____ Exercise material
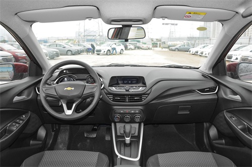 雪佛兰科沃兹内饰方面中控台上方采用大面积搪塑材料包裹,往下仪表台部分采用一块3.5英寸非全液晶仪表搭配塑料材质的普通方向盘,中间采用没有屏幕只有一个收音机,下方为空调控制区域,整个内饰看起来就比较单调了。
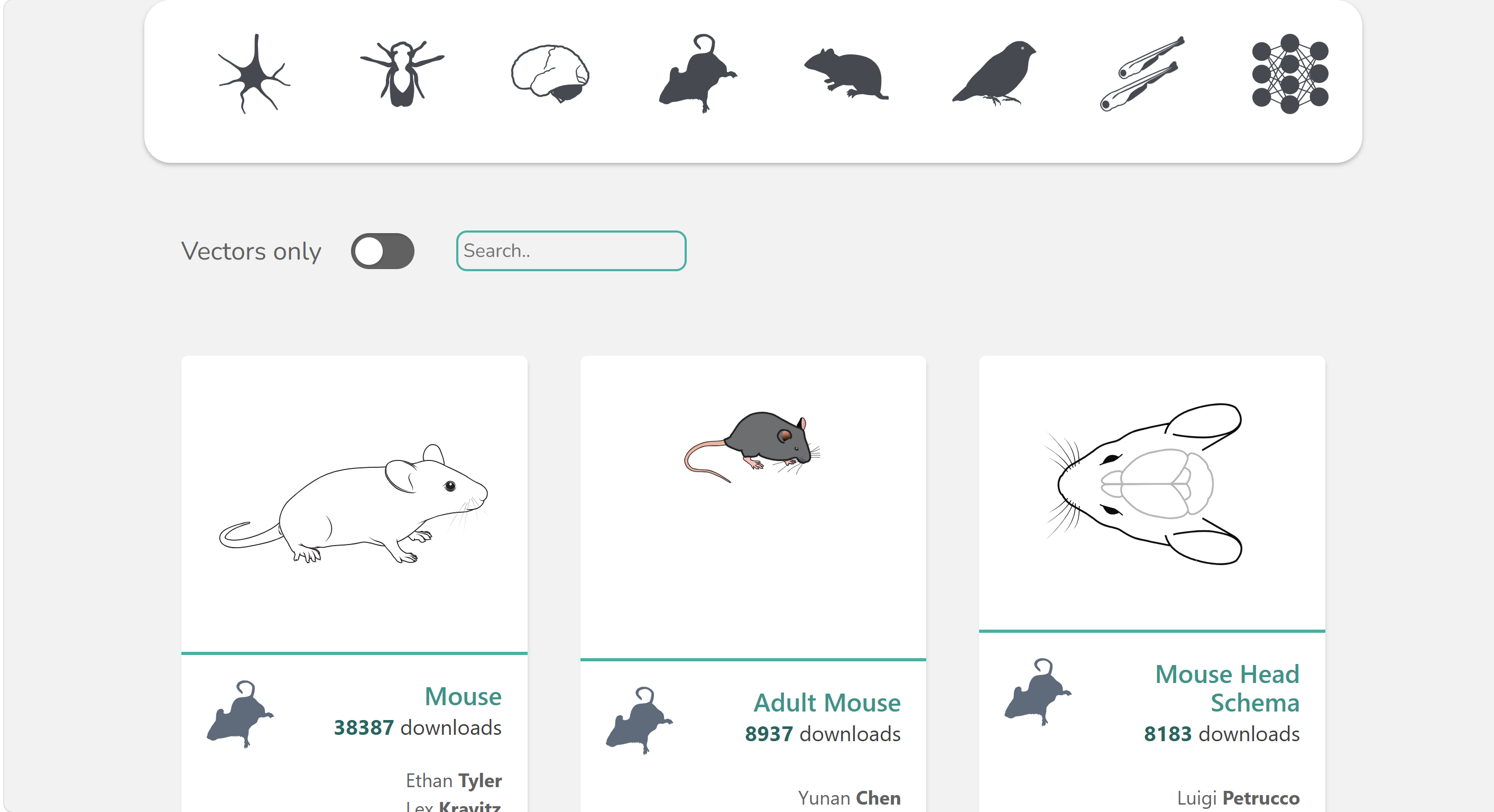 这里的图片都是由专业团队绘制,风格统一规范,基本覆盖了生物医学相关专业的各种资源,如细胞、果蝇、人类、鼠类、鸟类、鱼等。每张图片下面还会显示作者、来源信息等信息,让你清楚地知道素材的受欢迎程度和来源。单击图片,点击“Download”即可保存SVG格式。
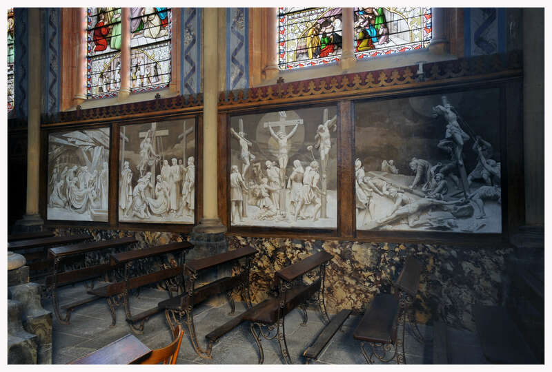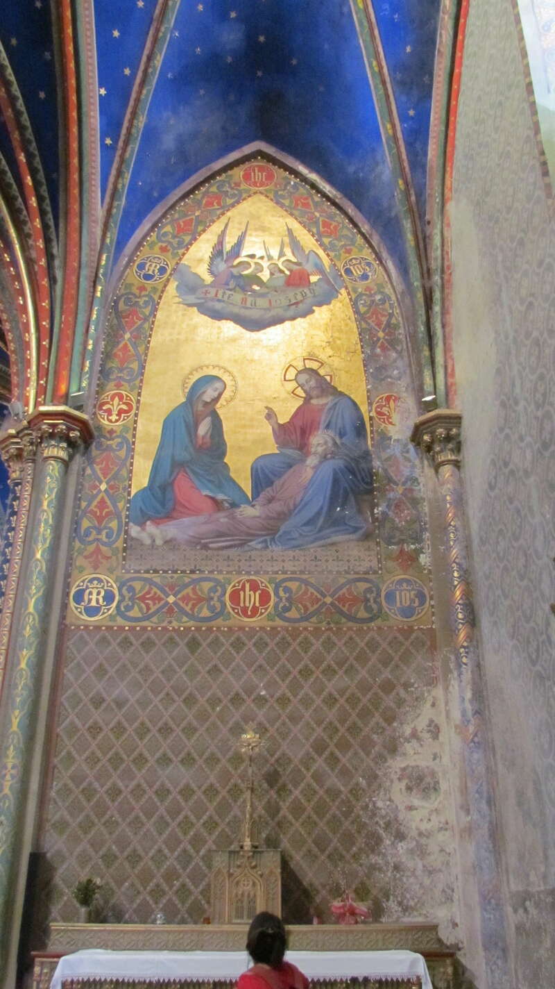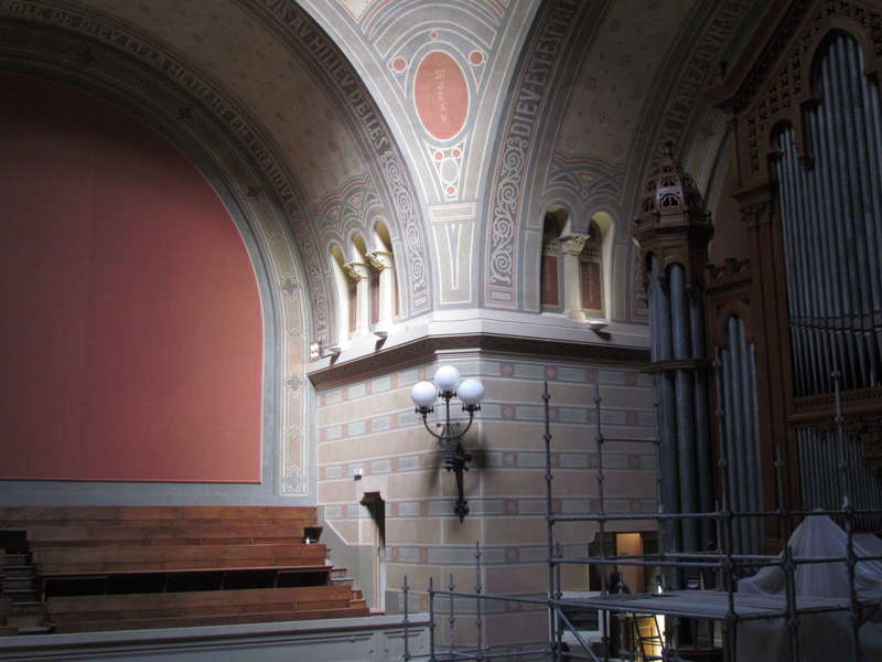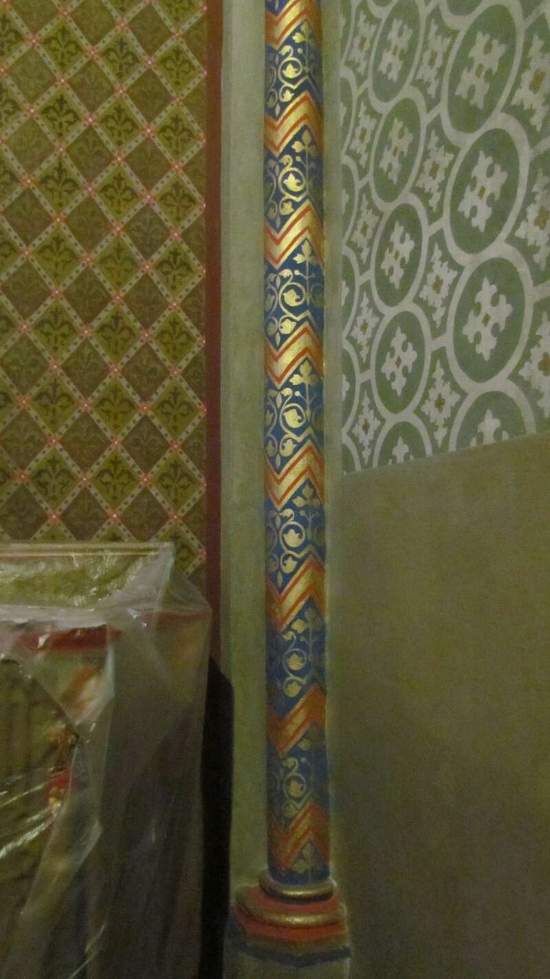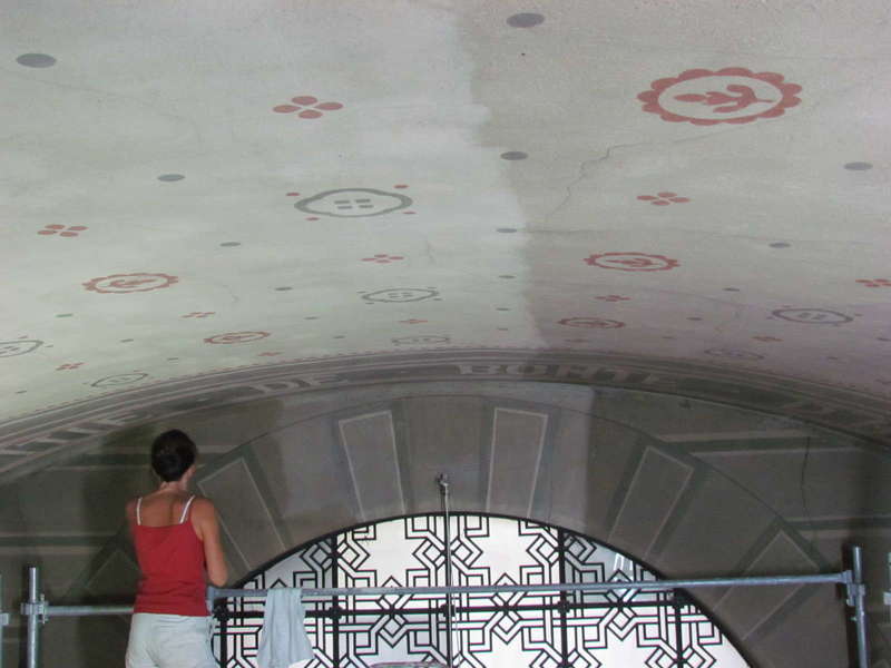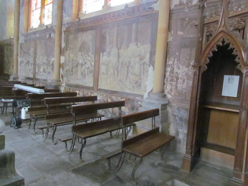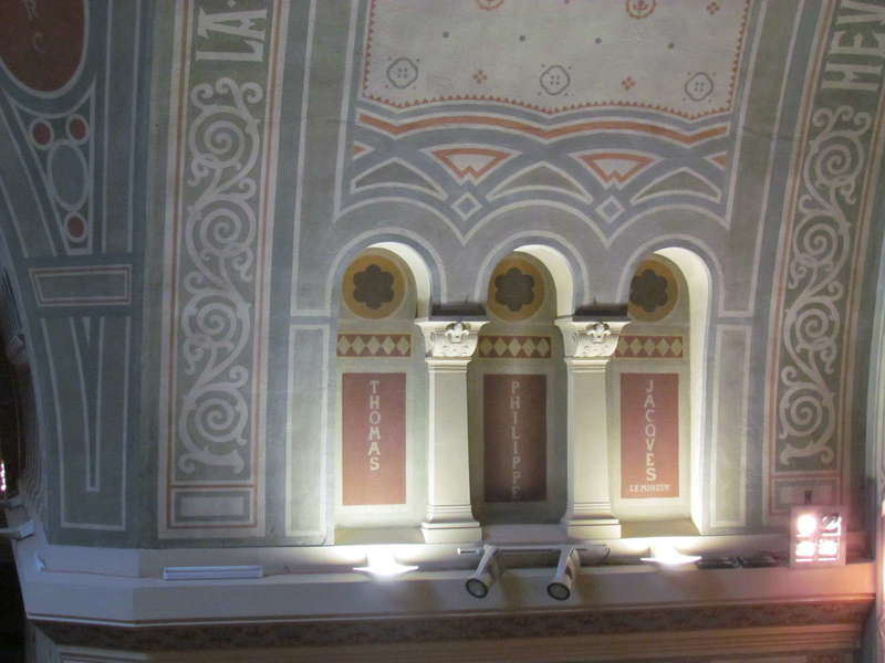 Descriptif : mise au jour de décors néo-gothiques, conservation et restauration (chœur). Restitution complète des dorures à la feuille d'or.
________
____ Exercise material
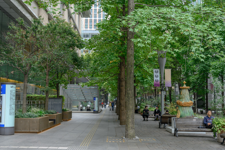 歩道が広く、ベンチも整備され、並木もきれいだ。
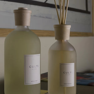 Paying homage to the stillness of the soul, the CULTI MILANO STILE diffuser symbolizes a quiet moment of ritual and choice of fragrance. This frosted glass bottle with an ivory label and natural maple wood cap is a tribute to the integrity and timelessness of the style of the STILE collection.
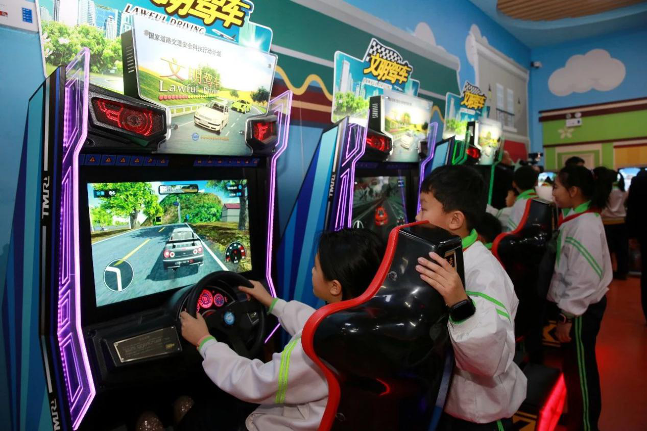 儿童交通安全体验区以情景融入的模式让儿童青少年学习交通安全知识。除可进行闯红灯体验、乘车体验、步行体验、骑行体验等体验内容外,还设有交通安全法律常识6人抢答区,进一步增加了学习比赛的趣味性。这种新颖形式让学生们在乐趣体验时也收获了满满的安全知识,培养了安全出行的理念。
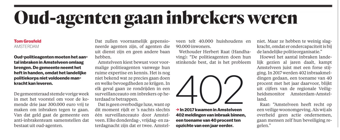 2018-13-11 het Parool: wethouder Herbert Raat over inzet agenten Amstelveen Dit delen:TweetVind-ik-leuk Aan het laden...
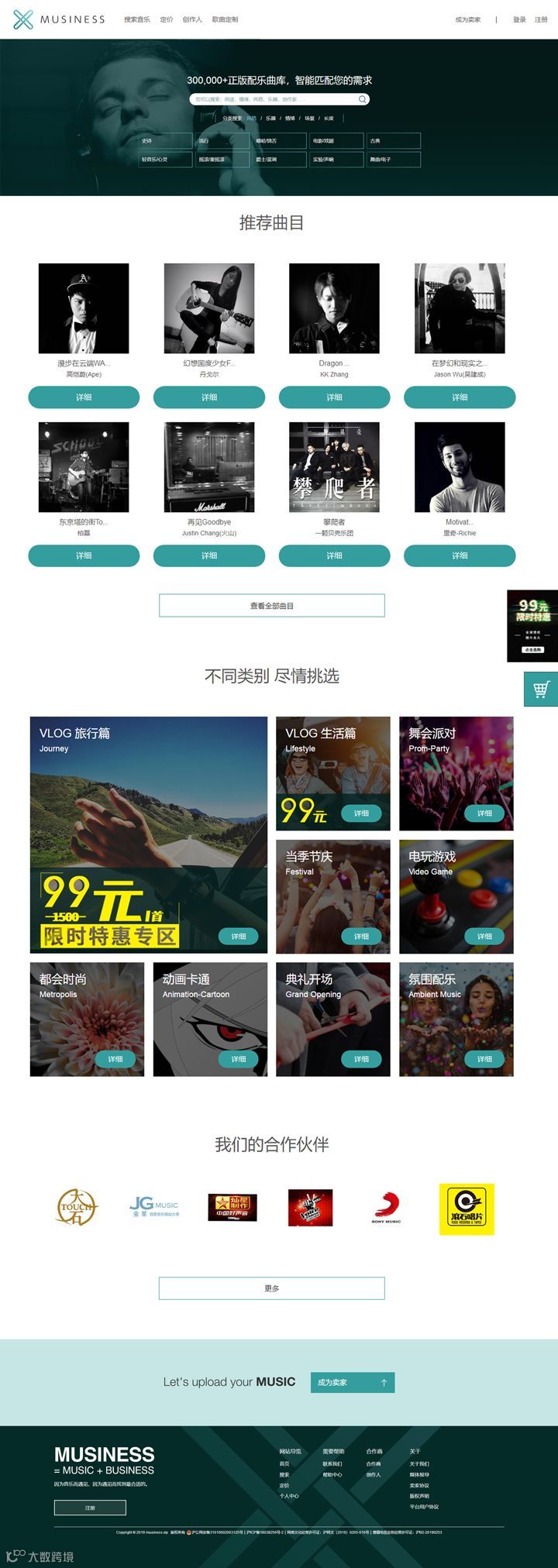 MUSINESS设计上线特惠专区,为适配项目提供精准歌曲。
________
____ Exercise material
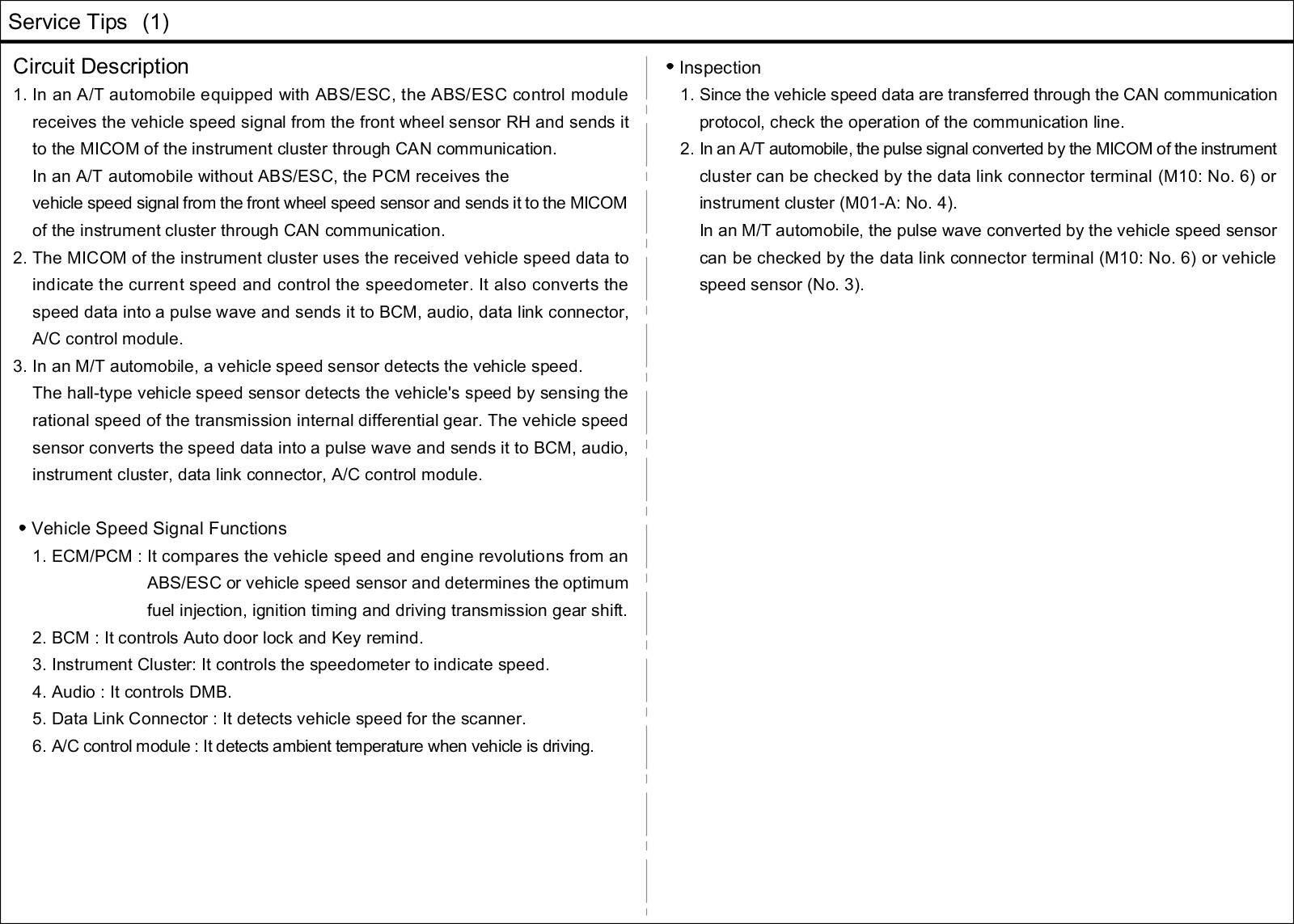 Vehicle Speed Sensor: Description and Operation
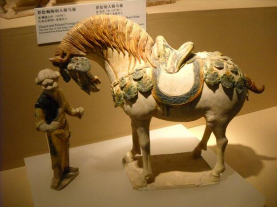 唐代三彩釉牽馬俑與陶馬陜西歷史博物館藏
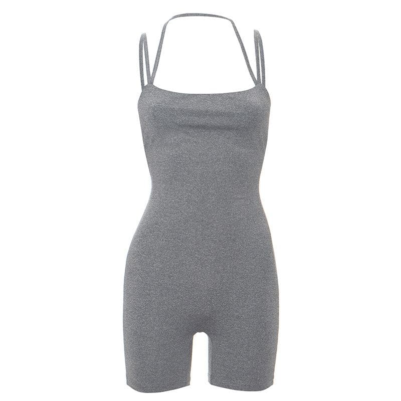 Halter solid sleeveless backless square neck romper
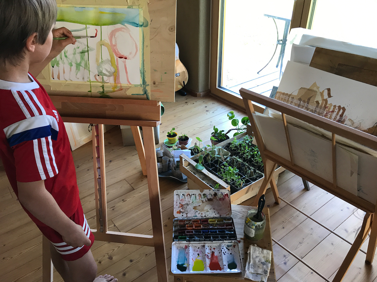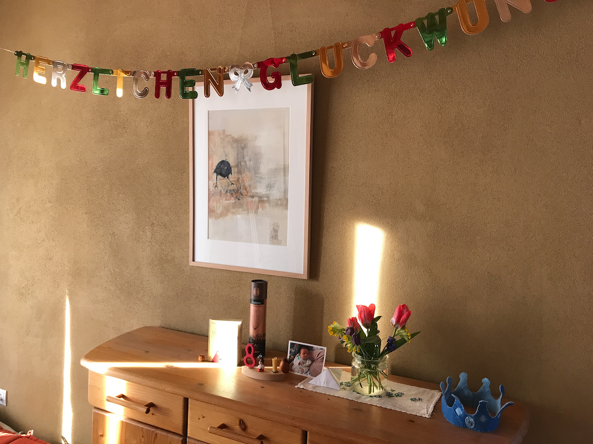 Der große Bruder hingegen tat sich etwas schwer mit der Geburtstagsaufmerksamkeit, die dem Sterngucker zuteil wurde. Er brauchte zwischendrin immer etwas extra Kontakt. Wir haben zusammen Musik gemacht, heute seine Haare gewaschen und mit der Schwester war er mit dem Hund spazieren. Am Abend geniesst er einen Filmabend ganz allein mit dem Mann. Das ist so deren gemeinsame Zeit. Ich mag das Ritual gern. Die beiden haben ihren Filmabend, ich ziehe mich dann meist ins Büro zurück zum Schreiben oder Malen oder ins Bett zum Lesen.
________
**Activity**
Could the stretch from the line with "Halter solid sleeveless" through the line with "Der große Bruder" in the listing above be restated word for word, minus the pictures?

**Result for this task**
 Halter solid sleeveless backless square neck romper
 Der große Bruder hingegen tat sich etwas schwer mit der Geburtstagsaufmerksamkeit, die dem Sterngucker zuteil wurde. Er brauchte zwischendrin immer etwas extra Kontakt. Wir haben zusammen Musik gemacht, heute seine Haare gewaschen und mit der Schwester war er mit dem Hund spazieren. Am Abend geniesst er einen Filmabend ganz allein mit dem Mann. Das ist so deren gemeinsame Zeit. Ich mag das Ritual gern. Die beiden haben ihren Filmabend, ich ziehe mich dann meist ins Büro zurück zum Schreiben oder Malen oder ins Bett zum Lesen.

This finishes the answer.